# some mdf trak repairs



## joegri (Feb 13, 2008)

here are some repairs that i,ve had to do in the recent past and today. i dont know why or how but it seems be in deep freezing cold or hot n humid weather the old gray lady throws a rail or breaks away some mdf. the fiirst few times it happened i freaked out but now, i just go ahead n do a repair. after glueing down a break i tape it n let it set then, comeback later and sand /grind or what ever it takes to get it back to good. also i,ve had to relieve the tention/shrinking of the rail by severing it and fitting in a small piece of rail then solder /grind back to good. but all in all i dont mind its just another task in the hobby. the end result is back to turning some laps and having a good time in the cave!!! thats what its all about for me anyway. especially on a day like today ...just hot and humid and i dont have anything to do today cept play in the cave. so in short if yer mdf trak trows a rail or snaps some mdf dont freak cuz it can be repaired! besides its supposed to look like a used up race car trak!!!


----------



## Boosted-Z71 (Nov 26, 2007)

My oval did that once, Your right just fix it and go on. I let the rails separate, and just fill the gap with un-melted solder and form it into place, works good mechanically & electrically and allows for expansion. 

Boosted


----------



## Grandcheapskate (Jan 5, 2006)

Yeah, that is an ugly looking thing that happens. Good to see you can repair it fairly easily.

Joe


----------



## Hilltop Raceway (Feb 12, 2006)

Just like the real world, track repair adds to the realism. How many times have you seen em pave a road nice and smooth, then come back 2 weeks later, dig it up, to put in a line...Never fails...RM


----------



## Boosted-Z71 (Nov 26, 2007)

Hilltop Raceway said:


> Just like the real world, track repair adds to the realism. How many times have you seen em pave a road nice and smooth, then come back 2 weeks later, dig it up, to put in a line...Never fails...RM


And either leave the patch area as a 4" hump or dip

Boosted


----------



## slotcarman12078 (Oct 3, 2008)

Ain't that the truth!!! They just paved a stretch of 5th Ave here in town last fall, and sure enough, they were cutting holes in it this past April... :freak:


----------



## joegri (Feb 13, 2008)

think i,ll go ahead and finish this repair tonite and get the blue lane workin as good as the yellow lane.maybe i can make a hump or dip without even tryin !!! then i,ll submit my application to the highway department!!


----------



## Grandcheapskate (Jan 5, 2006)

joegri said:


> think i,ll go ahead and finish this repair tonite and get the blue lane workin as good as the yellow lane.maybe i can make a hump or dip without even tryin !!! then i,ll submit my application to the highway department!!

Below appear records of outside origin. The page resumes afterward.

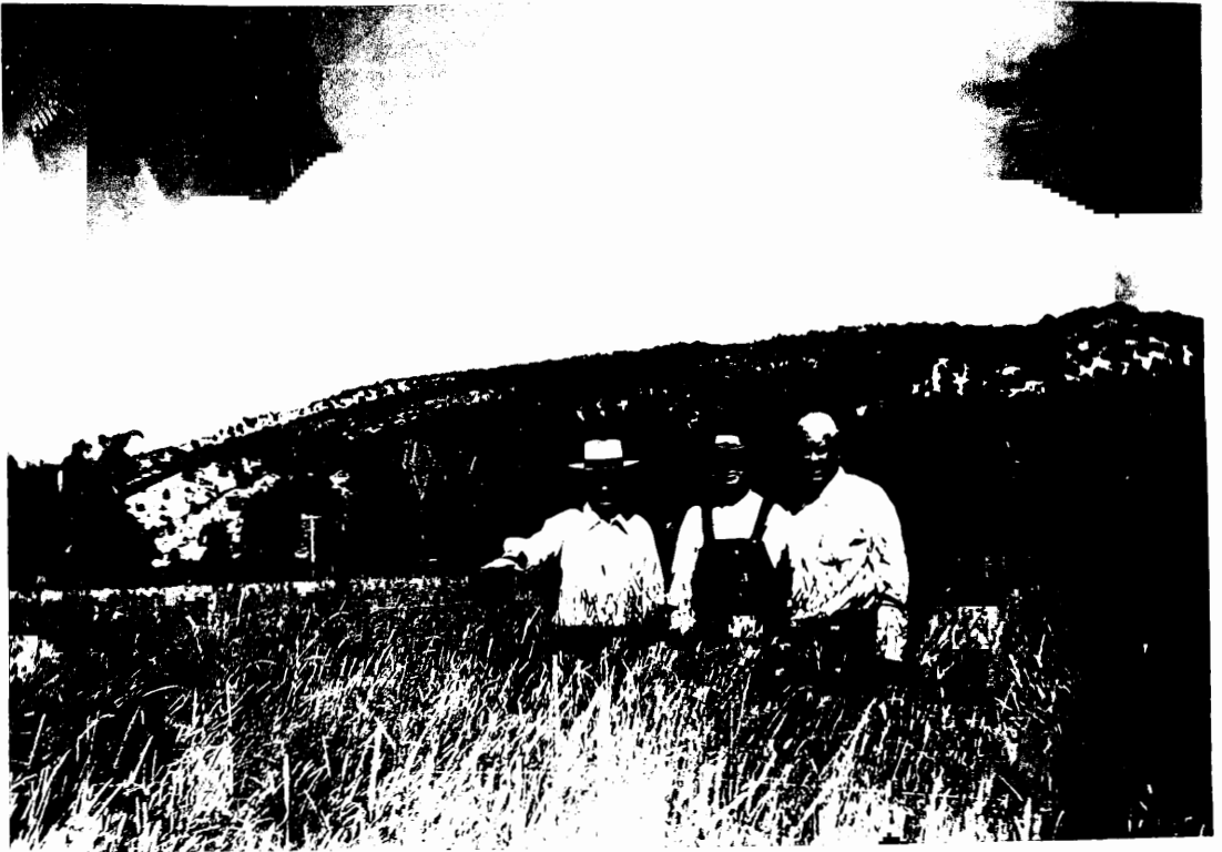
Def. Exhibit #15 showing quality of meadow lands taken by condemnation.
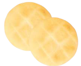
"Nygmat" butter biscuit with chocolate filling
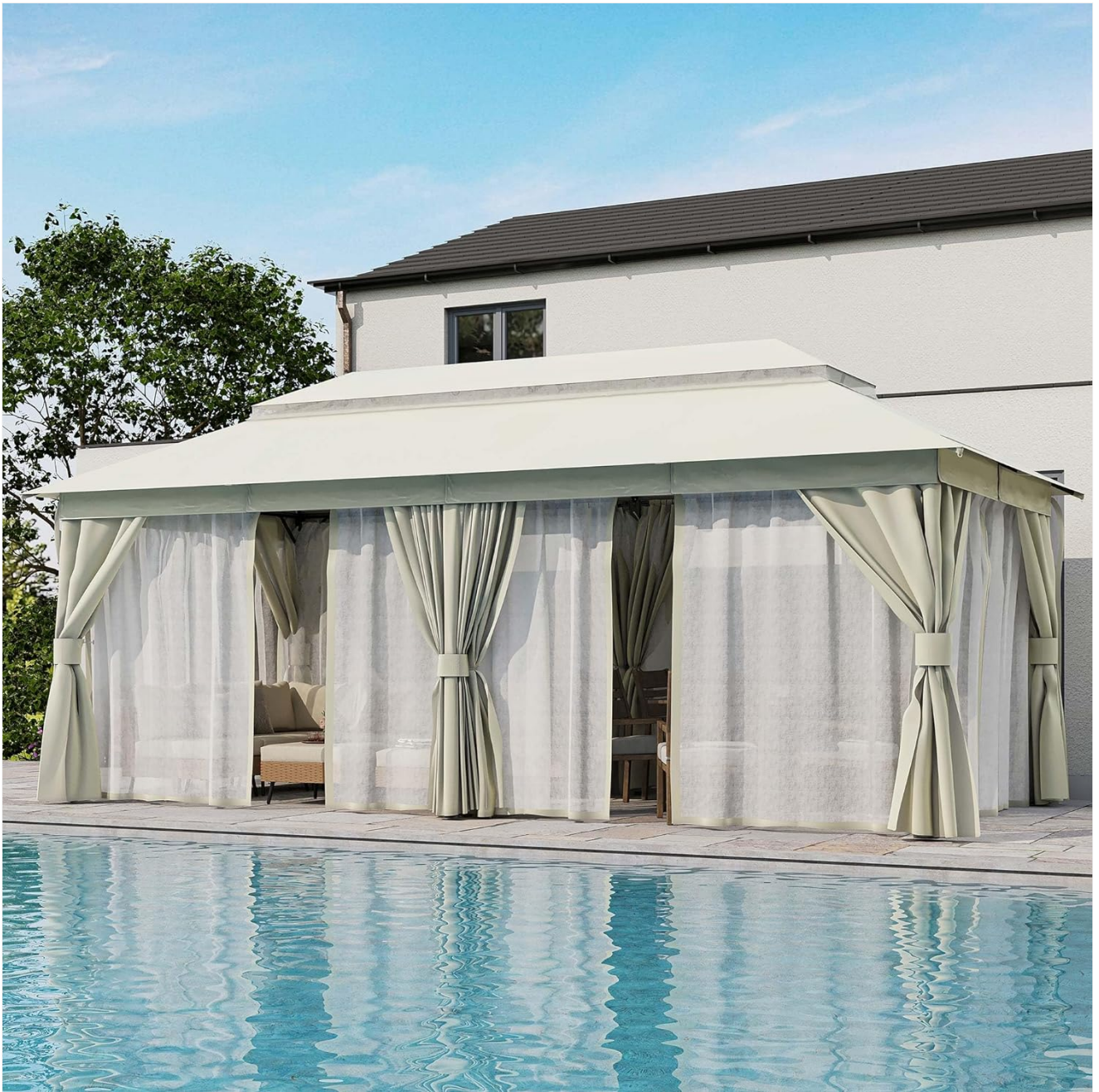
Image: The gazebo with its privacy curtains fully closed, offering a secluded and shaded area next to a pool.
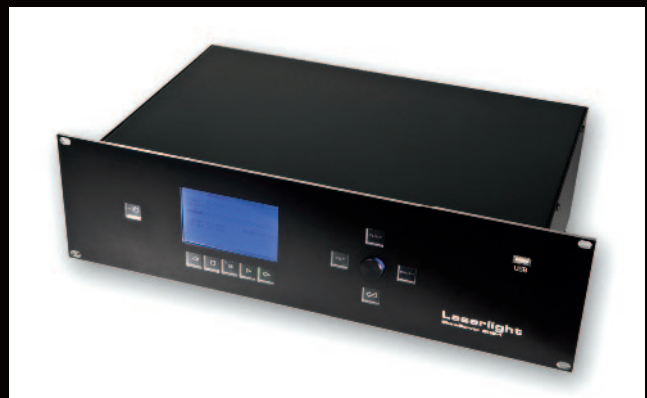
Laserlight ShowServer Multimedia Controller
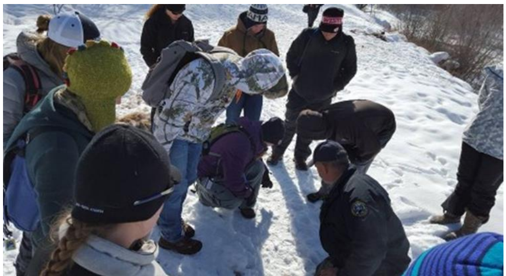
Working on a snow-tracking workshop with Colorado Parks and Wildlife and The United States Forest Service, students learned how to tell stories through footprints (January 2016).
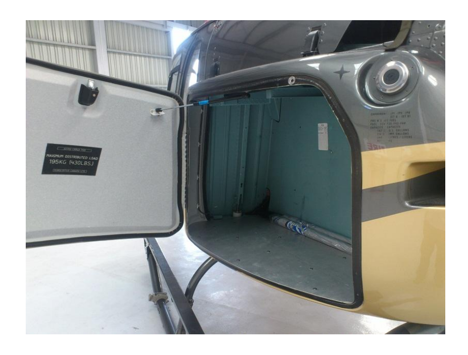
Type A - 23 KG
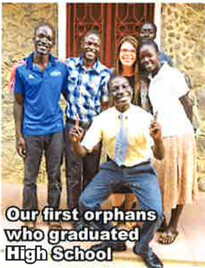
Our first orphans who graduated High School
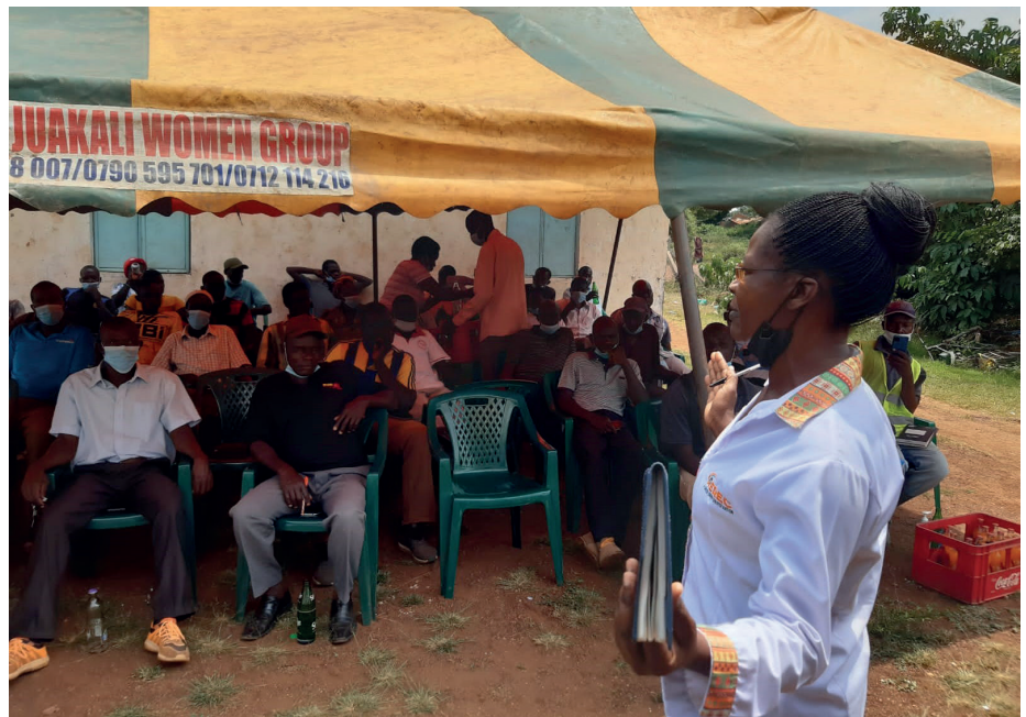
Community sensitization session in Mageta on 03/02/2022

The Corporation recently dispatched 4 teams to fast-track land acquisition that will in turn inform the construction and completion of the Kenya Electricity Modernisation Project (KEMP).
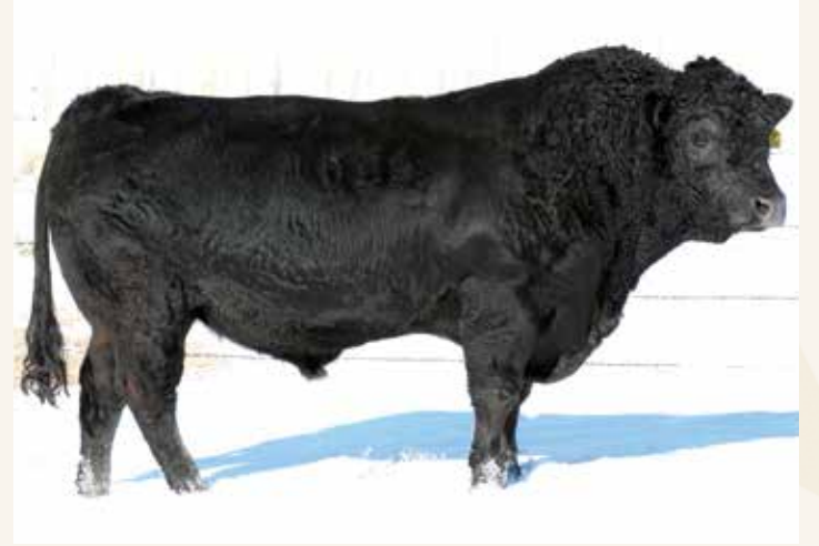
RUNL STETSON 850S • Paternal grandsire of Lot 74

Arnett Styling Juice is a yearling purebred bull who records a big weaning weight EPD with the bonus of solid carcass values. This son of Wulfs Felan out of a big-bodied female, GV Ms Atlantis 5519C, has lots of thickness and the look to sire a great set of calves.
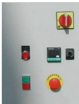
> Electrical panel
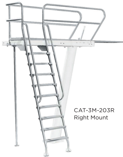
CAT-3M-203R Right Mount
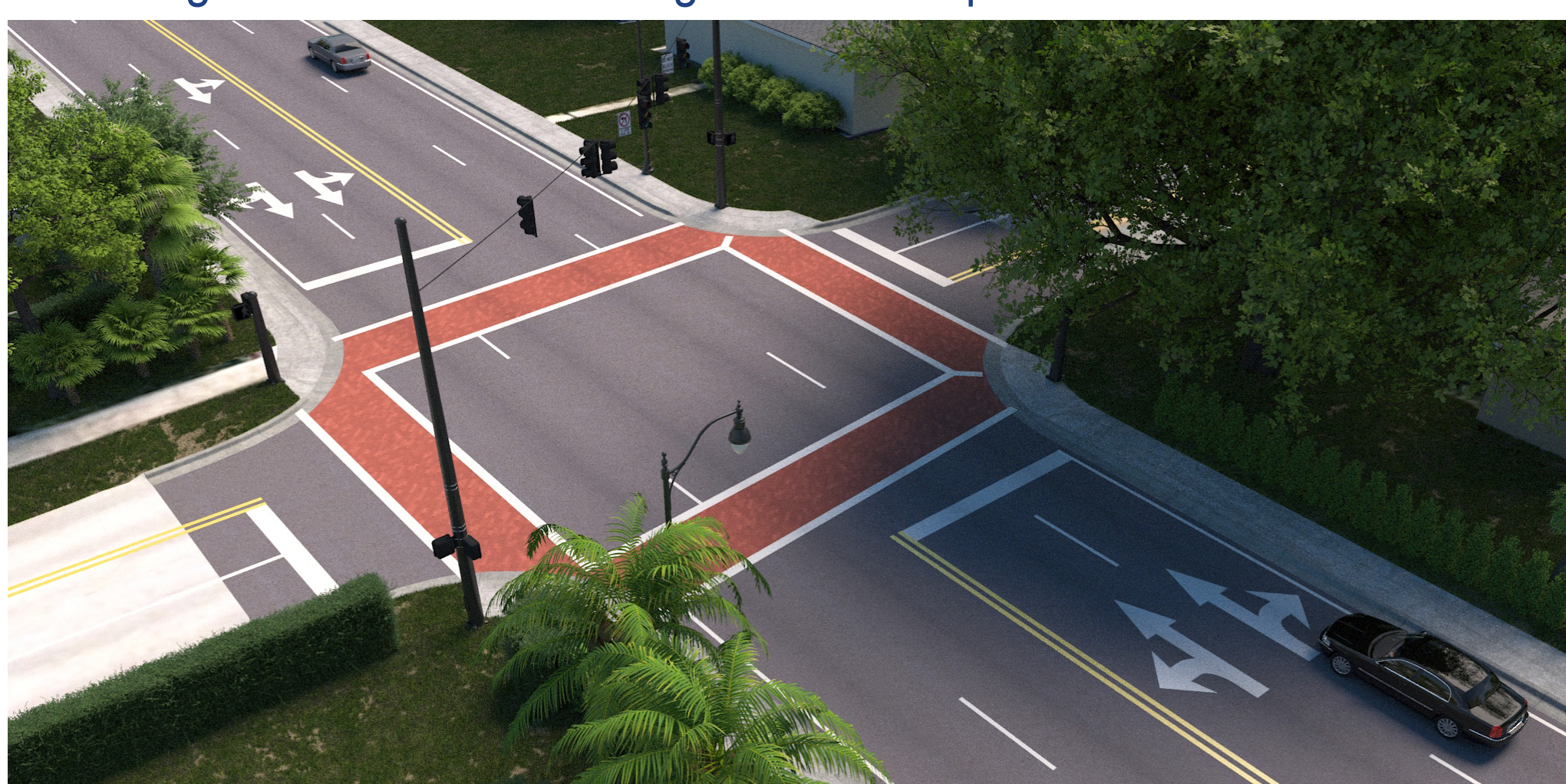
Existing View S.R. 426 Looking East at Phelps Avenue
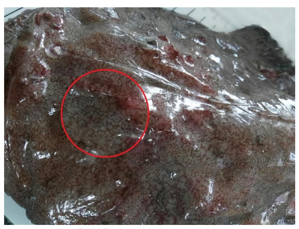
Figure 3. There is an orbital cavity under the skin tissue
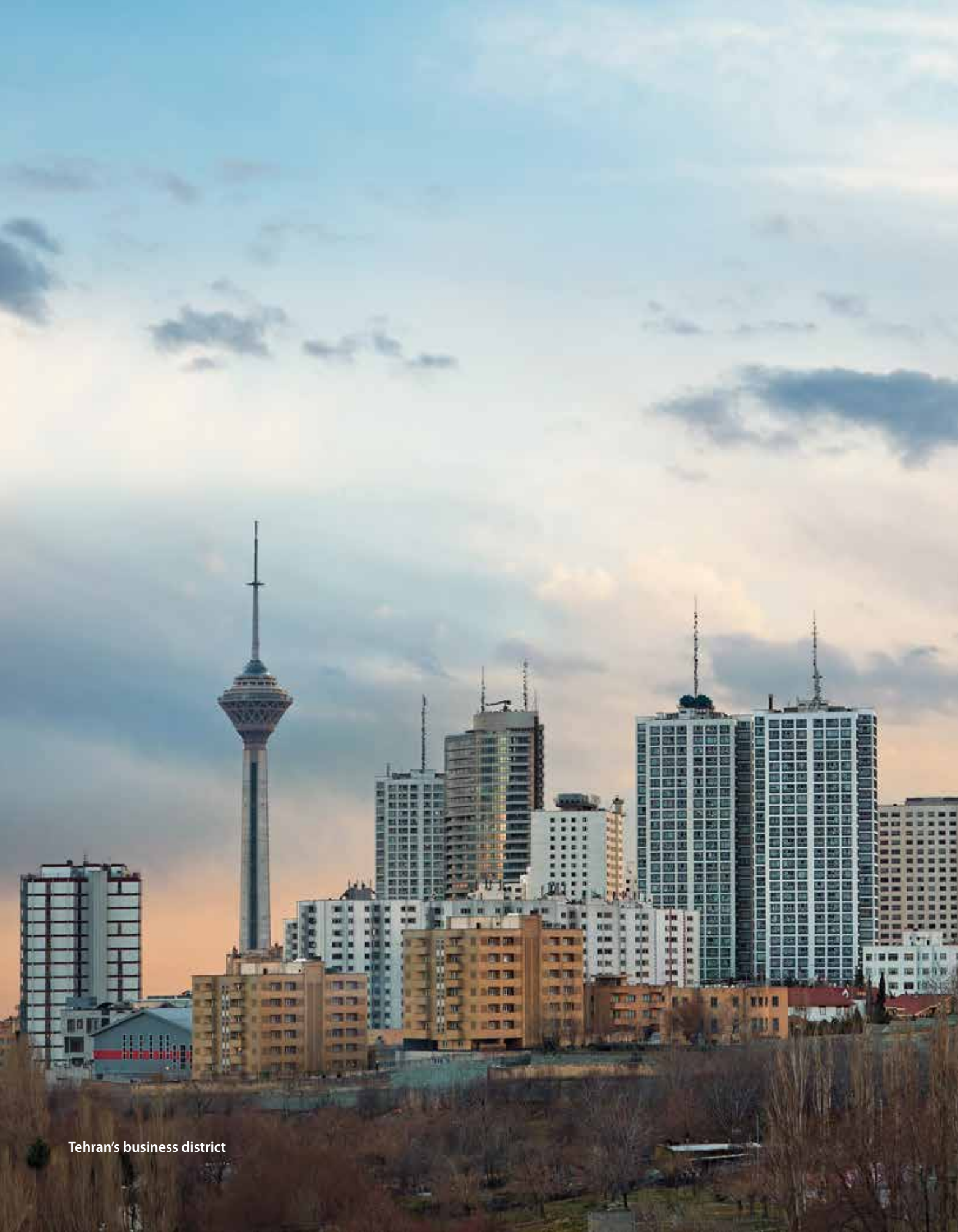
Tehran's business district
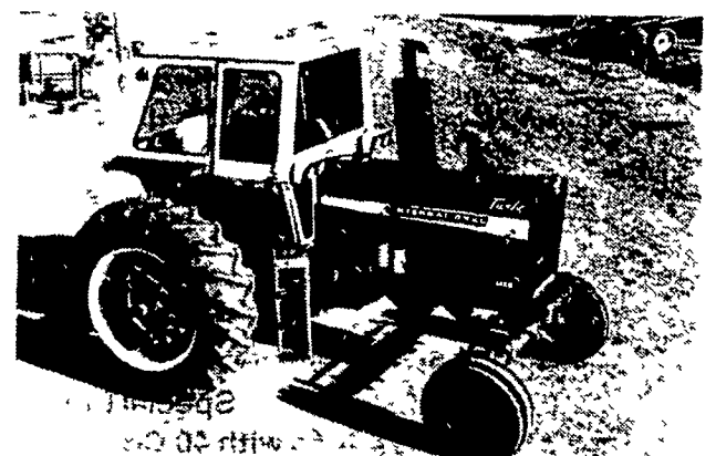
IH - F1456D, 1971, Cab 2800 Hours, New Clutch, Excellent
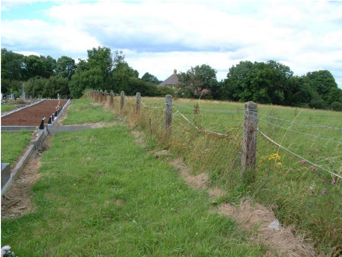
Part of Boundary
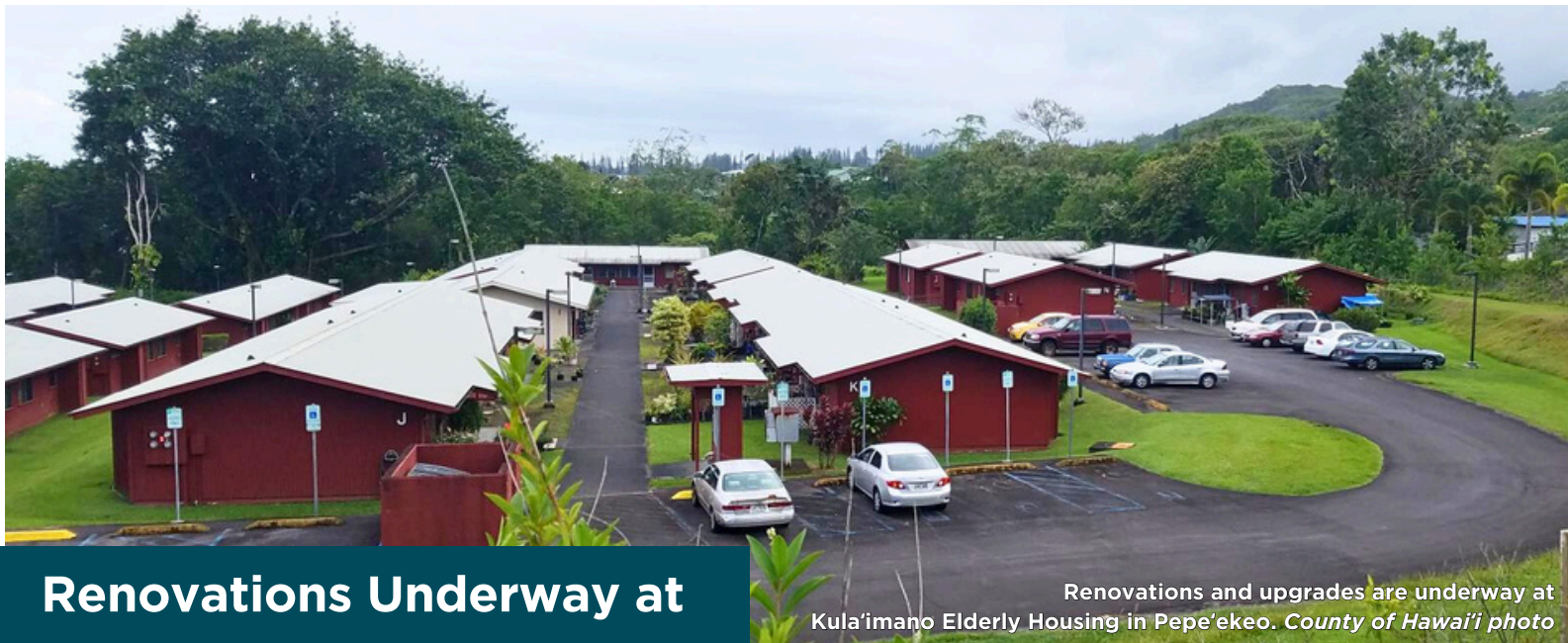
Renovations and upgrades are underway at Kula'imano Elderly Housing in Pepe'ekeo.
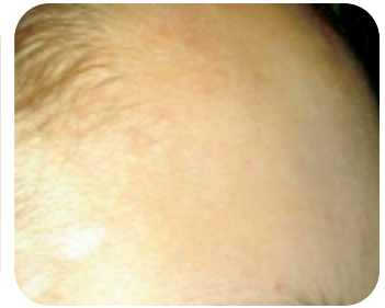
After Vibraderm Tx

 If you want to do it like the highway department, you can't repair the track until at least three of your friends are there to watch while leaning on shovels.

Joe


----------



## joegri (Feb 13, 2008)

just finished the blue lane mdf repair and all seems to be good
to go for the moment!! the guys on the trak crew worked through the heat wave and got the lane up and running as good as the yellow lane. some of the drivers are chompin at the bit to see how their steeds will react to the new repairs !! while i was in repair mode some much needed infield cleaning was in order so i busted out the vac and a quick once over made it presentable. now alls i need is somebody to come on by and turn some laps with me. hats off to the trak crew at( i dont have a name for my trak).and lets see how this holds up. also i think i,ll do a lil touch up painting to bring it back to good. alls well now!


----------



## slotcarman12078 (Oct 3, 2008)

Nice job getting both lanes patched up.. In this heat and all.. whew!! If I was closer, Joe, I'd be there.. I'd even take the blue lane!! :thumbsup::thumbsup: 

P.S. I hope that snake ain't hungry!! :lol:


----------



## joegri (Feb 13, 2008)

thanx scman. absolutely no beers where consumed by the trak repair crew(cant opperate heavy equipment while drinkin) but after all repairs werer successful i bought the boyz a case of duff beer!and if you ever get in the area you can have the yellow lane and the good controller. as for the snake well that was a cruel joke my wife played on me after i had a reak snake drop down through the window while turning laps! that really freaked me out. then our man zilla photo shopped it cuz i did get a few pics. i,m pretty sure i deleated them but it was starteling for sure!


----------



## Boosted-Z71 (Nov 26, 2007)

Joe's Viper pit? 

Boosted


----------



## joegri (Feb 13, 2008)

*more trak repairs*

if you look close you can see how the mdf has fractured and pinched close the pin groove. this happens more than i care to repair and its whats driving more towards a braided trak.after 5 years of doing this every winter i can only guess that the material that the rails are made out of and the mdf shrink at 2 different rates and my thought of using braide will make up for the rate at which they grow and shrink. i,m gonna start seaching for a braide manufacturing company or maybe one of you guys can point me towards a good provider of braide material.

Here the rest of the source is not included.